Durante tres interminables días, gruesas nubes negras ocultaron el sol sobre Pi-Ramsés. Para los egipcios, los trastornos producidos por el dios Set se mezclaban con los peligros que transportaban los mensajeros de la diosa Sekhmet, anunciadores de enfermedades y desgracias.
Solo un ser podía impedir que la situación se degenerara: la gran esposa real, encarnación terrestre de la Regla eterna que el faraón alimentaba con ofrendas. Fueron momentos en los que cada cual se miró a sí mismo y, sin complacencia, intentó rectificar sus transgresiones de la rectitud.
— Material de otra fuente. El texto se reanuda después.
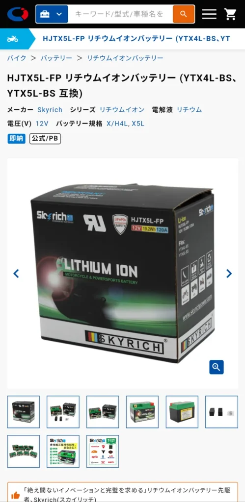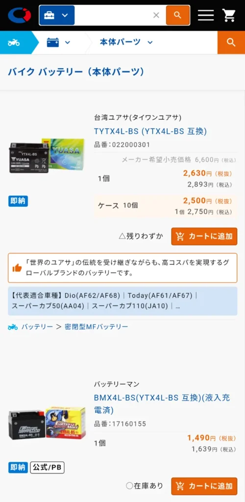 特にバッテリーは、主流のMFバッテリーはもちろん従来の液別バッテリー、最新のリチウムイオンバッテリーまで豊富に揃っています。車両を登録して検索することで、対応する商品を簡単に見つけることができます。

Asumiendo los defectos y las imperfecciones de su pueblo, Nefertari se dirigió al templo de Mut, en Tebas, para depositar ofrendas al pie de las estatuas de la temible diosa Sekhmet, y para transformar así las tinieblas en luz.
En la capital, Ramsés aceptó recibir a Moisés, que clamaba que la oscuridad que envolvía la capital era la novena de las plagas infligidas por Yahvé al pueblo egipcio.
—¿Estás convencido por fin, faraón?
—No haces más que interpretar fenómenos naturales atribuyéndolos a tu dios; es tu visión de lo real y la respeto. Pero no aceptaré que siembres el desconcierto entre la población, en nombre de una religión. Esta actitud es contraria a la ley de Maat y solo puede llevar al caos y a la guerra civil.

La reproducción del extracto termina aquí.